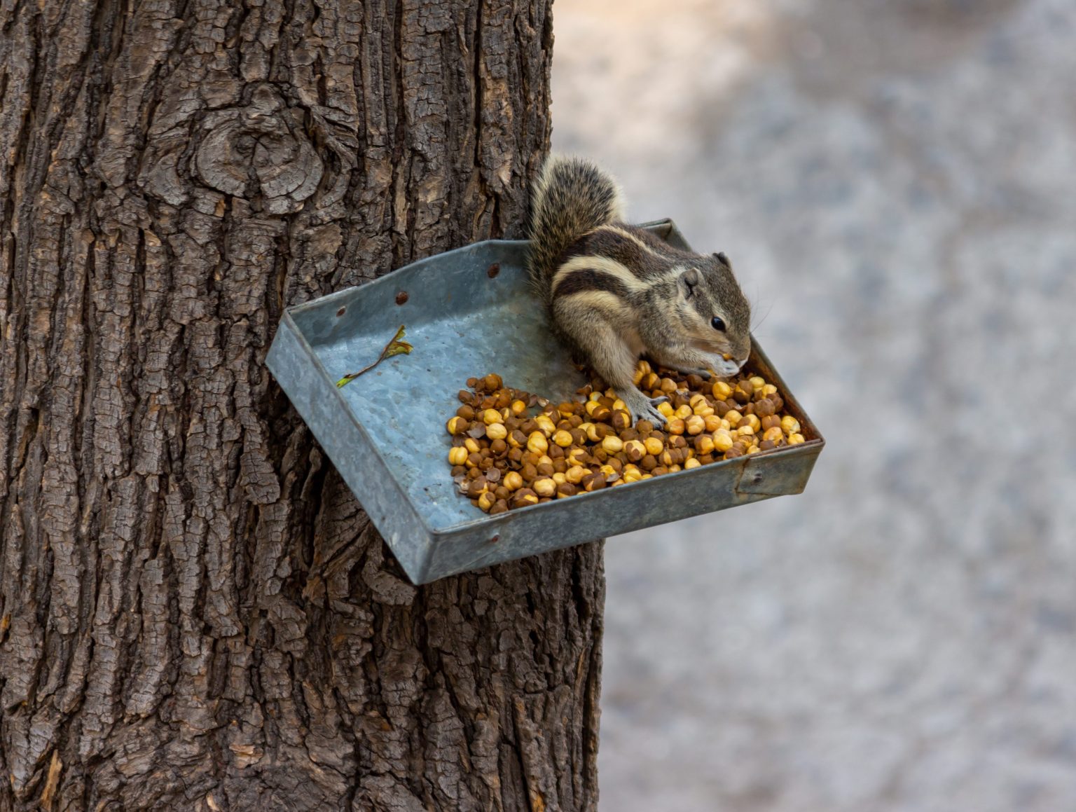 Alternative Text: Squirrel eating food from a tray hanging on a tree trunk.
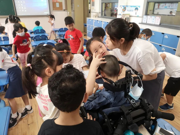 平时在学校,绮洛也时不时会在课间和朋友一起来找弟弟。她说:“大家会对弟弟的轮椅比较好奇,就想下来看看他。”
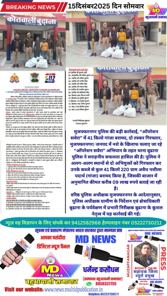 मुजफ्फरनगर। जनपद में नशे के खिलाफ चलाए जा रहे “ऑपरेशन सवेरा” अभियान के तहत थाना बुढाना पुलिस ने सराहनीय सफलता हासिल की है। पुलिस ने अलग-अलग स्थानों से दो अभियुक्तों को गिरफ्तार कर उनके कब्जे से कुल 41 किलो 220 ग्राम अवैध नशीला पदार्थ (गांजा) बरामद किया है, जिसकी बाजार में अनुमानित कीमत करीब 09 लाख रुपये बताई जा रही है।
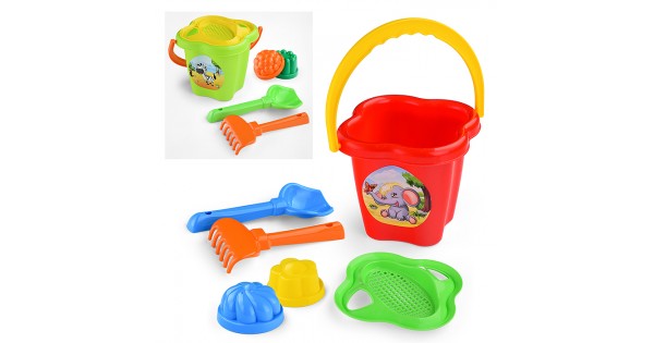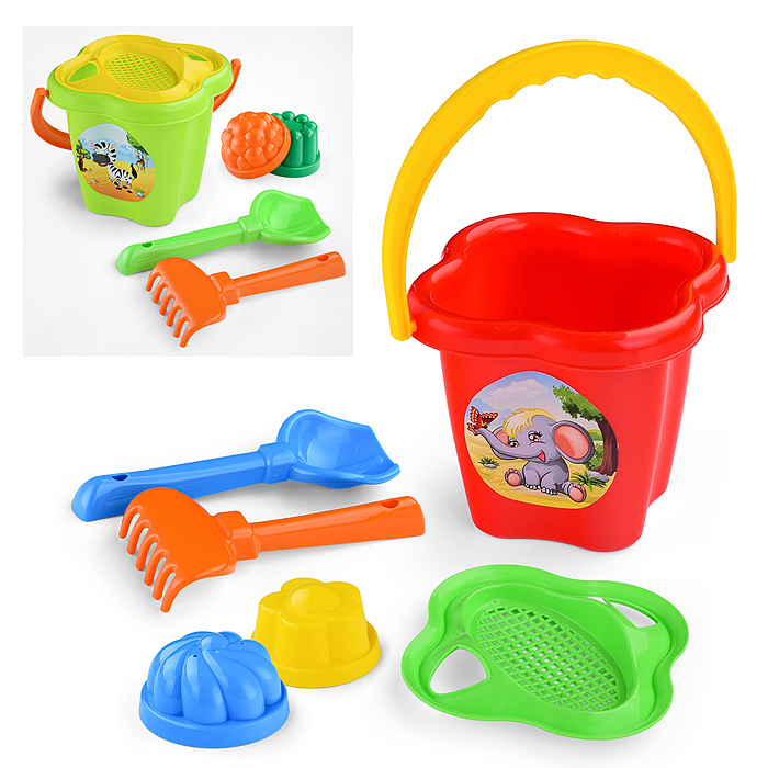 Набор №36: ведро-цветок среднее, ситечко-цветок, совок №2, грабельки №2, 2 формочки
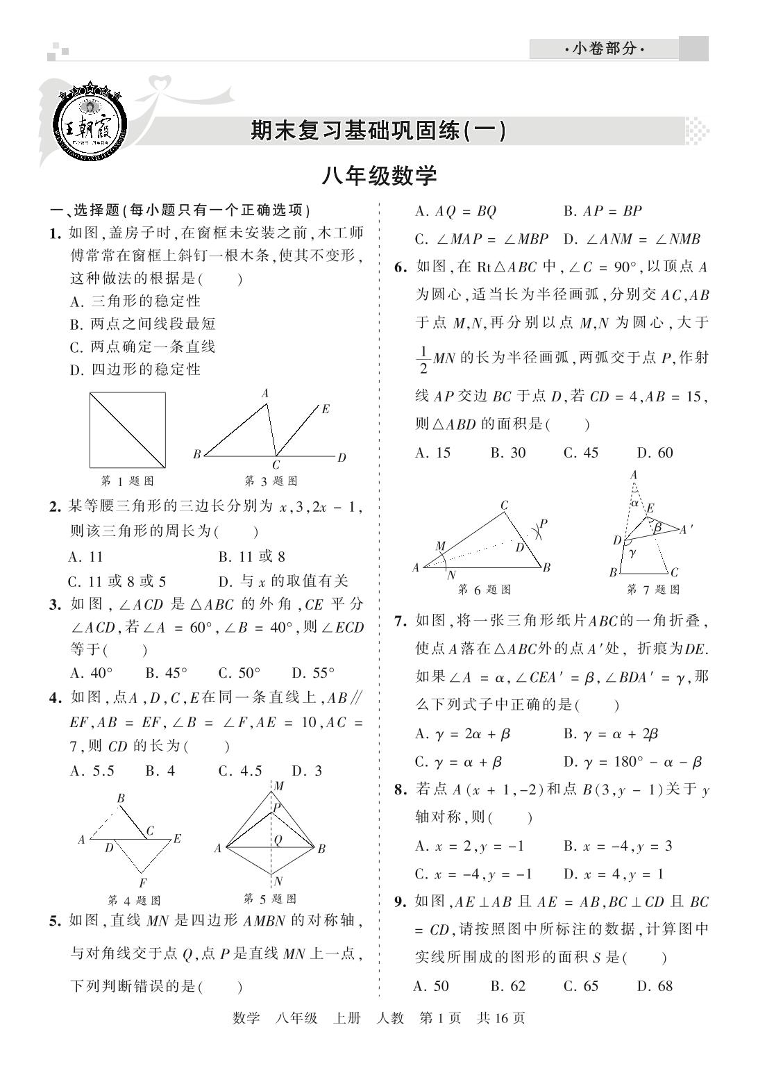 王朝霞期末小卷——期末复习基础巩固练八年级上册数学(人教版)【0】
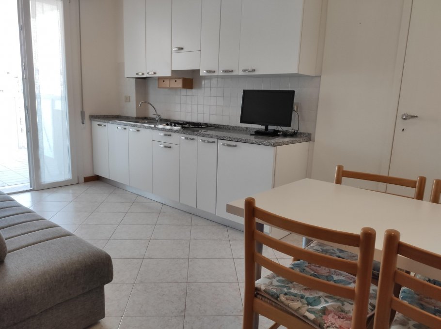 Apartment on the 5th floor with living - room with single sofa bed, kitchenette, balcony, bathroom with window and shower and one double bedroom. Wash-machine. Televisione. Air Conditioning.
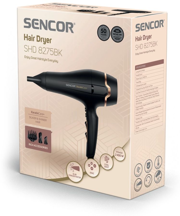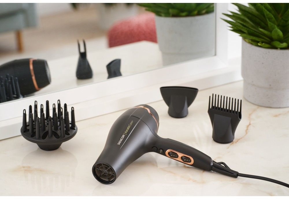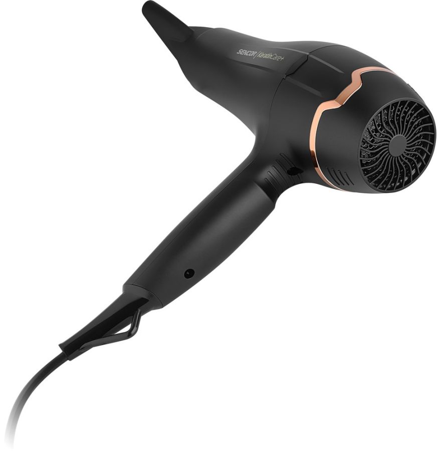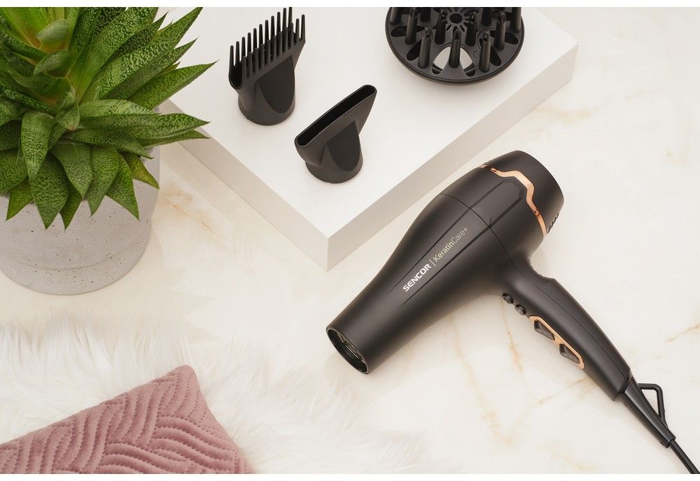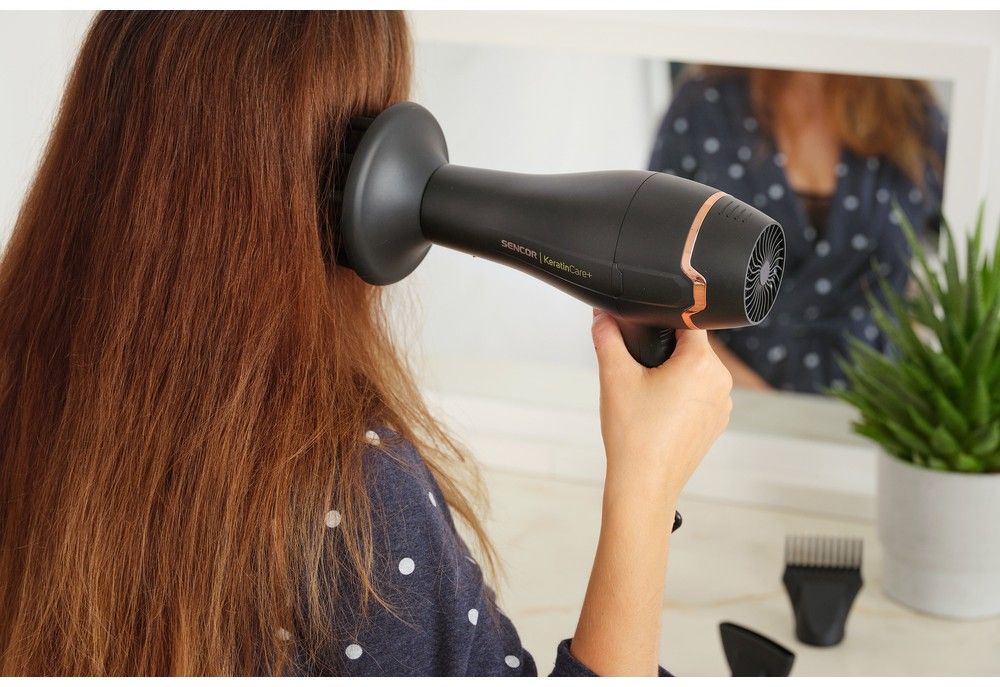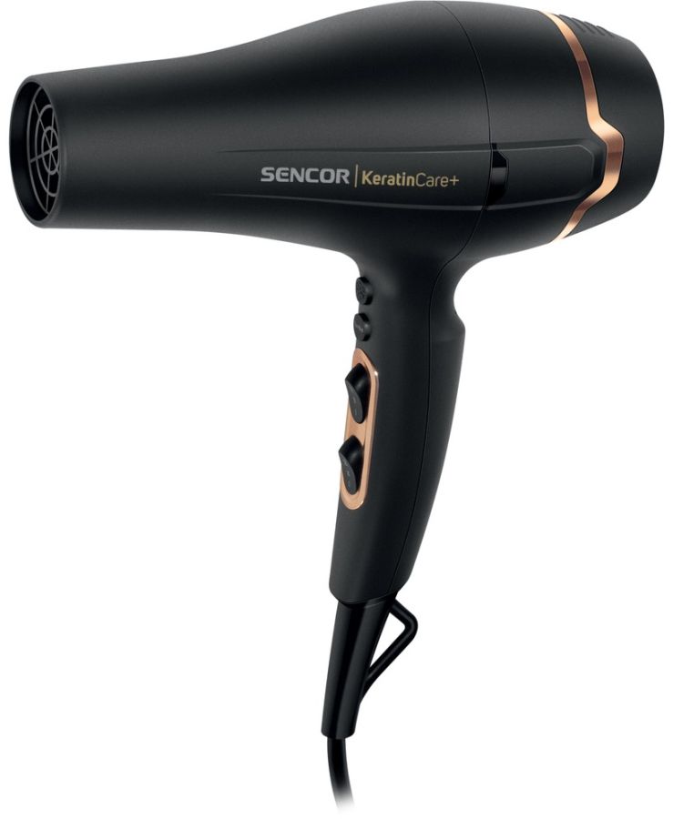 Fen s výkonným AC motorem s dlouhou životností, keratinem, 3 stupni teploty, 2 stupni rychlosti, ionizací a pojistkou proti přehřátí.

▸ Work order
Your answer must be exactly the lines from the one with "Apartment on the" through the last line of the entries, both included, with no pictures; please add nothing else.

▸ The completed task
 Apartment on the 5th floor with living - room with single sofa bed, kitchenette, balcony, bathroom with window and shower and one double bedroom. Wash-machine. Televisione. Air Conditioning.
 Fen s výkonným AC motorem s dlouhou životností, keratinem, 3 stupni teploty, 2 stupni rychlosti, ionizací a pojistkou proti přehřátí.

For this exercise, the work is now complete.